PROMPT:
The material below holds pictures; leave them out and reproduce exactly the lines from the one with "A pattern of" through the one with "제출한 콘텐츠가 거부가", inclusive.

ENTRIES SHOWN:
===============
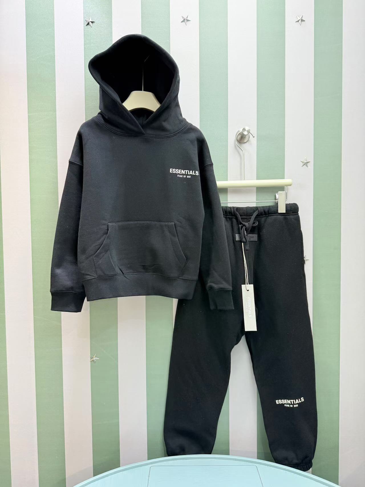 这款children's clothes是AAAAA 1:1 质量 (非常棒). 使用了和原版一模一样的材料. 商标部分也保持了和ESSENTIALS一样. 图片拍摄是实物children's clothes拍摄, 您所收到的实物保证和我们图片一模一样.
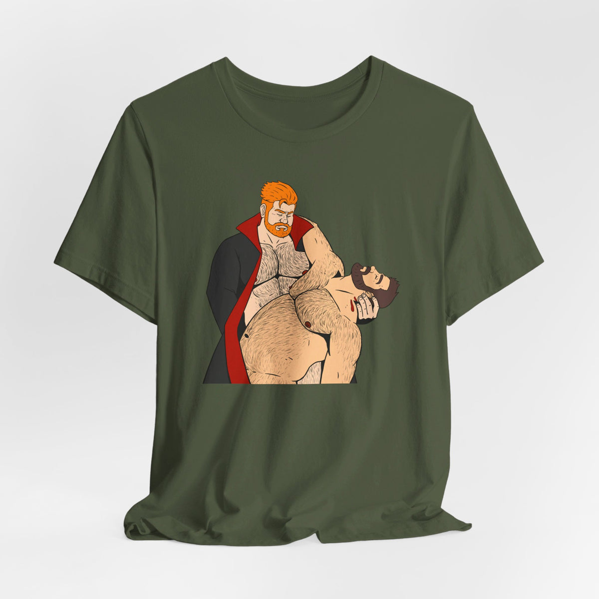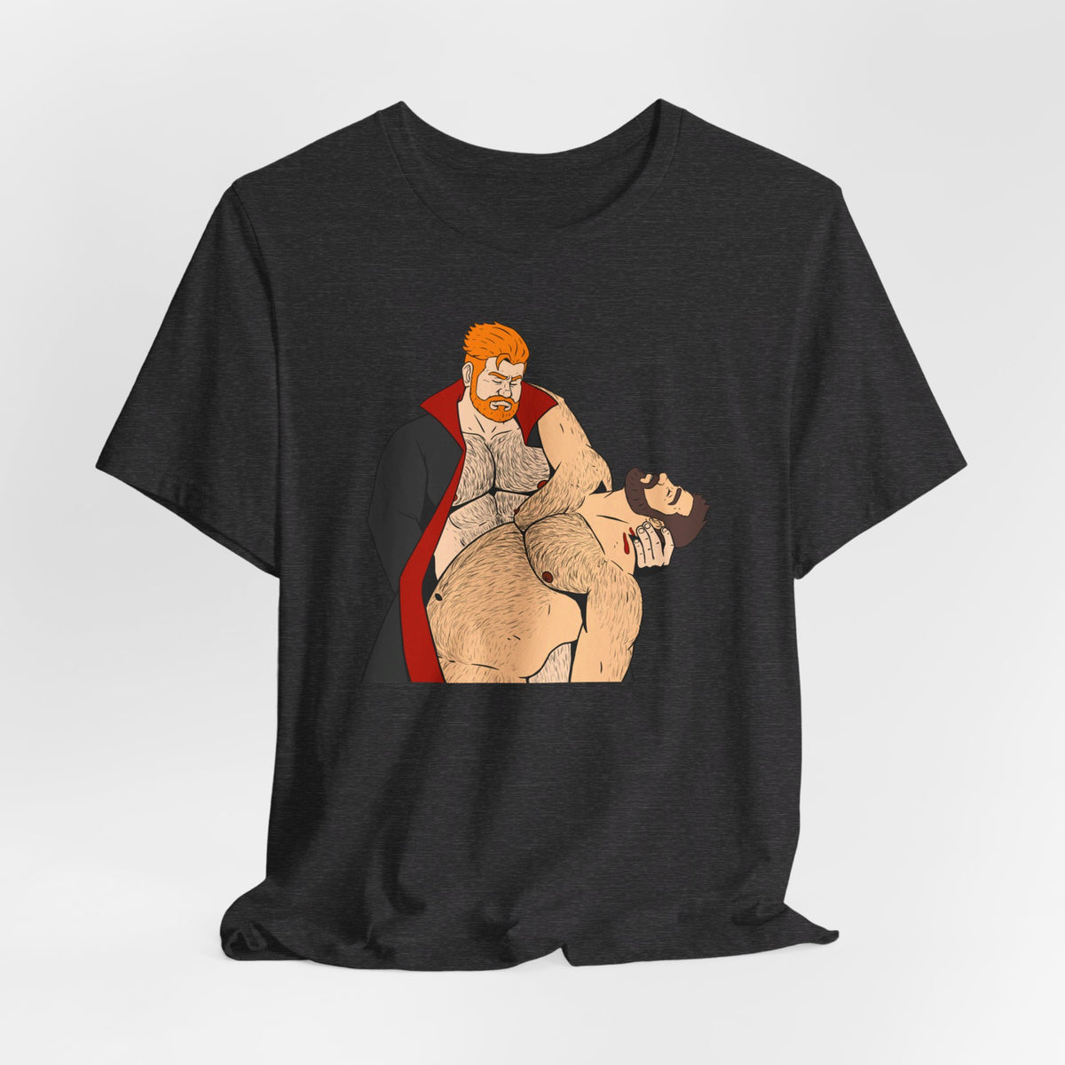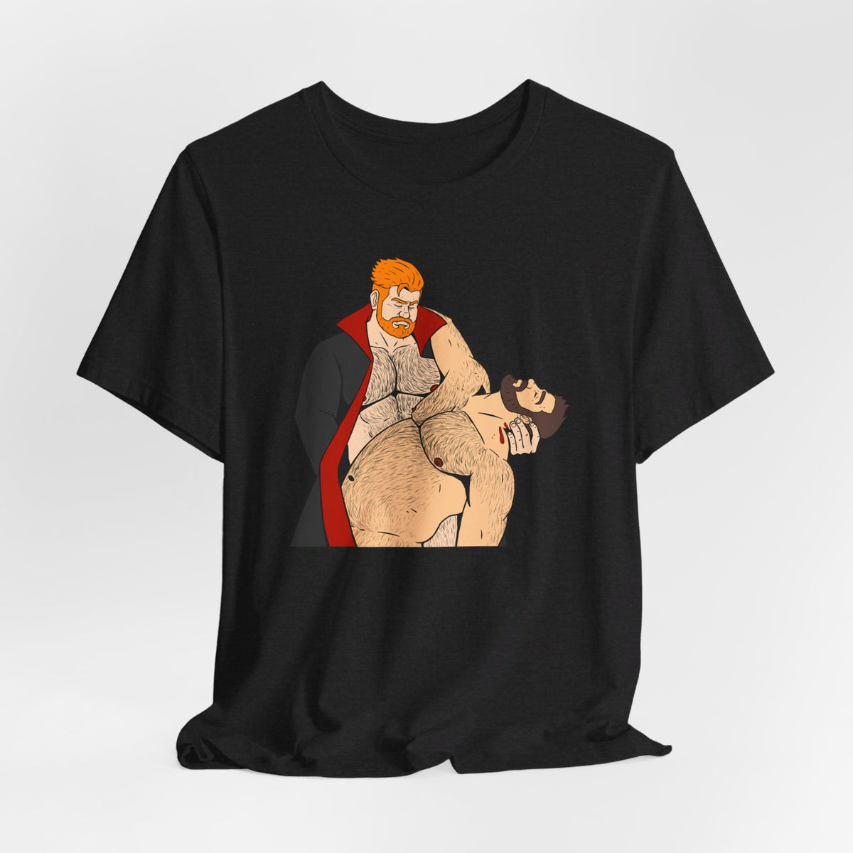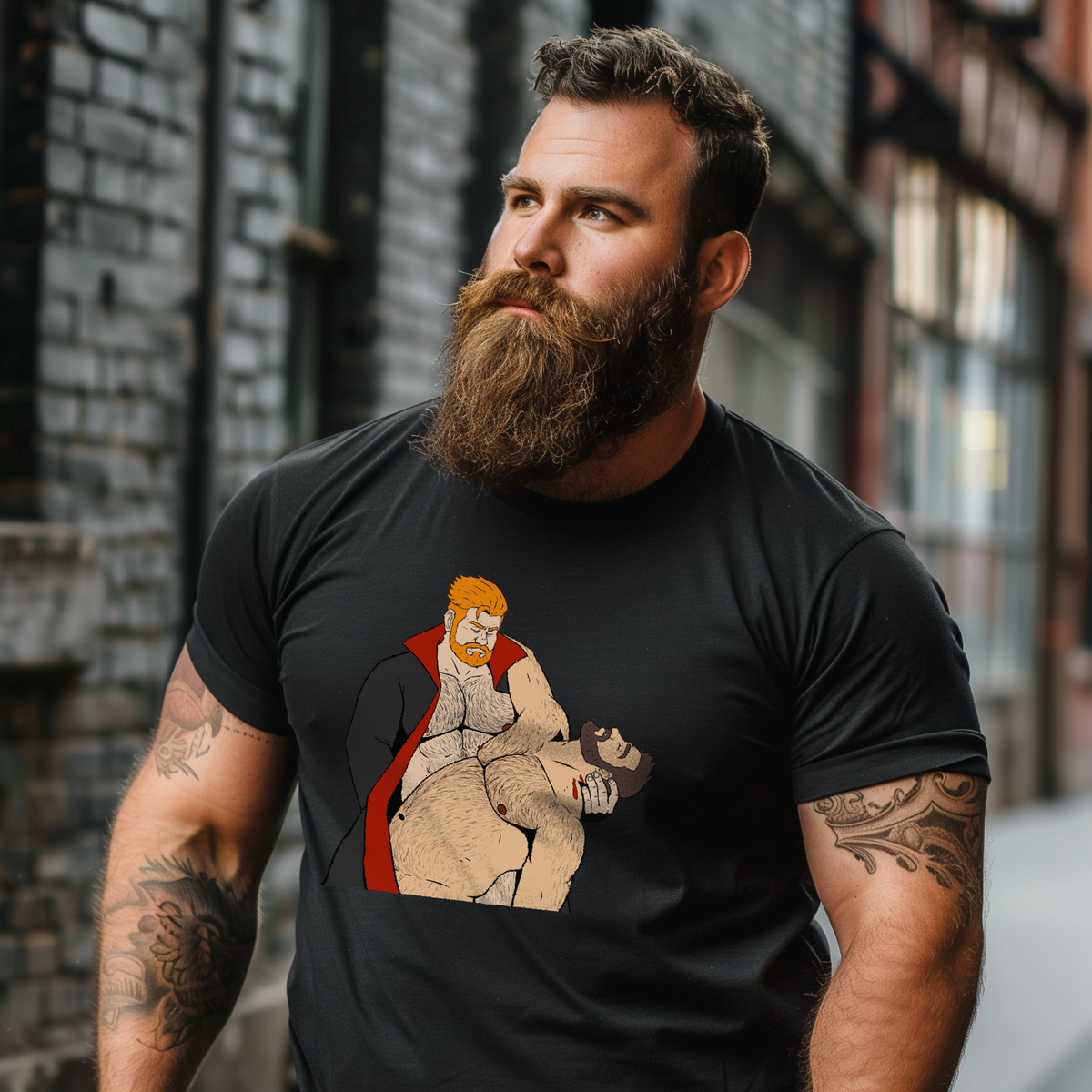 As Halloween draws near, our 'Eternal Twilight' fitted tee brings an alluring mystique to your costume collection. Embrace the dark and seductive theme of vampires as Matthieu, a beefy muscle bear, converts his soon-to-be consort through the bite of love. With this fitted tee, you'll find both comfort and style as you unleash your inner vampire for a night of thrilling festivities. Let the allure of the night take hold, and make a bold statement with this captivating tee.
===============
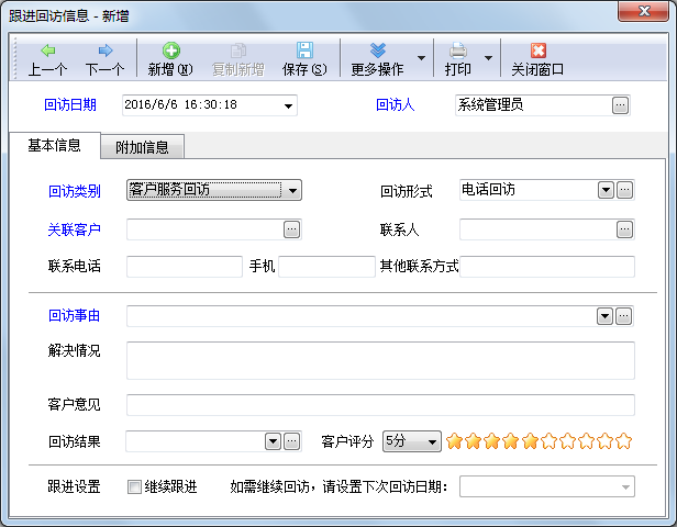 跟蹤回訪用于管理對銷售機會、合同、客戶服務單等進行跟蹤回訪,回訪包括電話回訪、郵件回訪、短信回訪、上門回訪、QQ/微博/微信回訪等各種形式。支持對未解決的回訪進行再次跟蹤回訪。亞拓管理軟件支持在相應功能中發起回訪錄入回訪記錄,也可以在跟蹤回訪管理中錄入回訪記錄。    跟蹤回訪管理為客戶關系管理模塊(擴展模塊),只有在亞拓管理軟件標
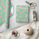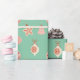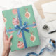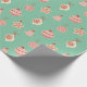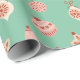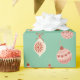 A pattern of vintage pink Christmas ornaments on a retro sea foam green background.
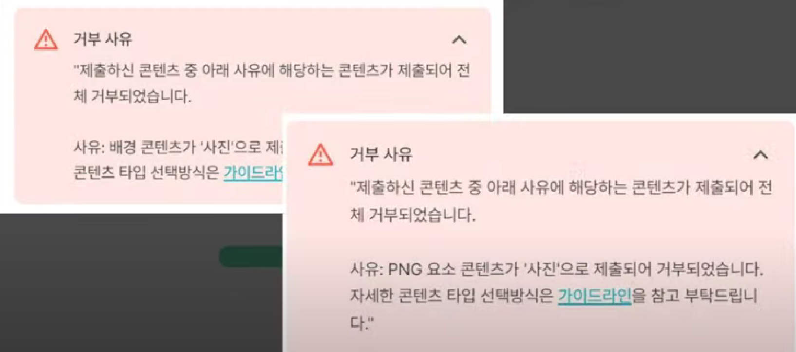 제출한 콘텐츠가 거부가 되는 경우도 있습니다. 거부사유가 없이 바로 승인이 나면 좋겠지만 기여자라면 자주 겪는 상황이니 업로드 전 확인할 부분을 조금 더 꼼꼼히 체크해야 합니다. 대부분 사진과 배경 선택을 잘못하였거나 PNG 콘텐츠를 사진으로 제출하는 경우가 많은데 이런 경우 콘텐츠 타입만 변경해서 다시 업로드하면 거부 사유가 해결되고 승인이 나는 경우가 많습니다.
===============
FINAL ANSWER:
 A pattern of vintage pink Christmas ornaments on a retro sea foam green background.
 제출한 콘텐츠가 거부가 되는 경우도 있습니다. 거부사유가 없이 바로 승인이 나면 좋겠지만 기여자라면 자주 겪는 상황이니 업로드 전 확인할 부분을 조금 더 꼼꼼히 체크해야 합니다. 대부분 사진과 배경 선택을 잘못하였거나 PNG 콘텐츠를 사진으로 제출하는 경우가 많은데 이런 경우 콘텐츠 타입만 변경해서 다시 업로드하면 거부 사유가 해결되고 승인이 나는 경우가 많습니다.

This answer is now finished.